**Exercise goal:** Transcribe this listing exactly; omit the pictures.

**Given information:**
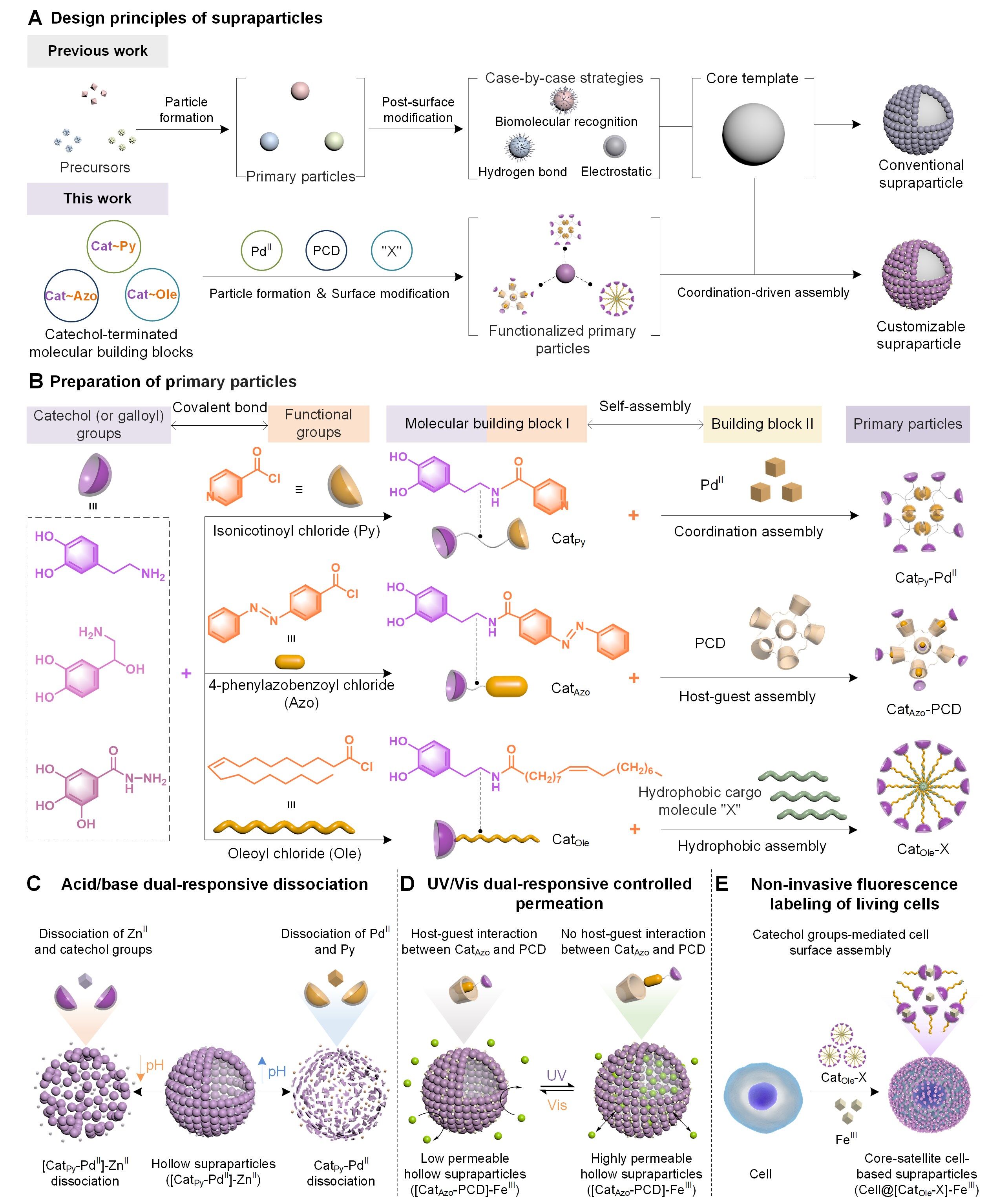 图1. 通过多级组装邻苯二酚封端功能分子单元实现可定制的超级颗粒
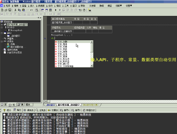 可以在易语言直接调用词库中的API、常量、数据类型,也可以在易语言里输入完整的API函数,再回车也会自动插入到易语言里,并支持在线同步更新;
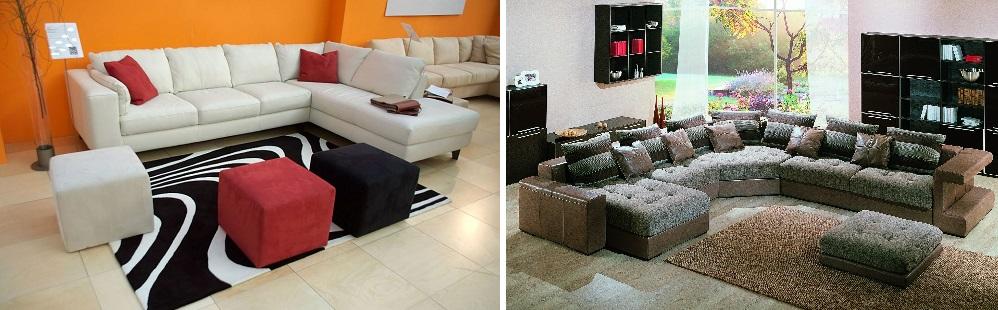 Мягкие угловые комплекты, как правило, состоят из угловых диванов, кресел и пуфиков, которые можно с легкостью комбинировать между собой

**Problem solution:**
 图1. 通过多级组装邻苯二酚封端功能分子单元实现可定制的超级颗粒
 可以在易语言直接调用词库中的API、常量、数据类型,也可以在易语言里输入完整的API函数,再回车也会自动插入到易语言里,并支持在线同步更新;
 Мягкие угловые комплекты, как правило, состоят из угловых диванов, кресел и пуфиков, которые можно с легкостью комбинировать между собой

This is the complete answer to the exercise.